What are actors in Swift

Jul 30, 2022#swift#swift-5.5

Swift 5.5 introduced a new reference type called actor that protects access to its mutable state, and is declared with the keyword actor. Actor instances can be freely shared across concurrently-executing code, and the actor itself will internally maintain synchronization.

actor BankAccount {
    let accountNumber: Int
    var balance: Double

    init(accountNumber: Int, initialDeposit: Double) {
        self.accountNumber = accountNumber
        self.balance = initialDeposit
    }
}

Actors can have initializers, methods, properties, and subscripts. They can be extended and conform to protocols, be generic, and be used with generics.

The ability to protect their state from data races1 (but not necessarily free from race conditions2) is enforced statically by the Swift compiler through a set of limitations on the way in which actors and their instance members can be used, collectively called actor isolation.

  • Allow their stored instance properties to be accessed directly on self.
  • Allow cross-actor reference to immutable state from anywhere in the same module as the actor is defined.
  • Allow cross-actor reference to mutable state performed with an read-only asynchronous call.
extension BankAccount {
    func deposit(amount: Double) {
        assert(amount >= 0)
        balance = balance + amount
    }
}

func checkBalance(account: BankAccount) async {
    print(await account.balance)   // okay
    await account.balance = 1000.0 // error: cross-actor property mutations are not permitted
}

Compile-time actor-isolation checking determines which references to actor-isolated declarations are cross-actor references, and ensures that such references use one of the two permissible mechanisms described above.

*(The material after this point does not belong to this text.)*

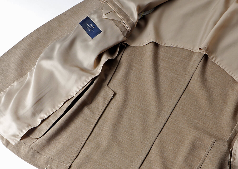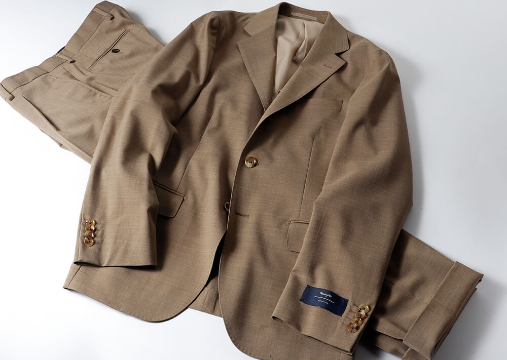 洒落っ気たっぷりな色味のベージュスーツ。軽やかさや清涼感、さらにはリッチな印象も併せ持ち、シャレ者感を漂わせたワンランク上のスーツスタイルに仕上がること間違いなし。
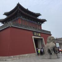 火车站坐双层的观光一号线到开封府。现场买票有点贵,最好网购。开封府在北宋时期的地位相当于今天的北京市政府,不过这个只能算一个大号的主题公园。完全没有历史,只能说尚可一观。运气好还能看见模仿当年的包拯审案,而被告多半都是陈世美。

This ensures that code outside of the actor does not interfere with the actor’s mutable state.


  1. A data race occurs when 2 instructions from different threads access the same memory location, at least one of these accesses is a write and there is no synchronization that is mandating any particular order among these accesses.
  2. A race condition is a semantic error. It is a flaw that occurs in the timing or the ordering of events that leads to erroneous program behavior. Many race conditions can be caused by data races, but this is not necessary.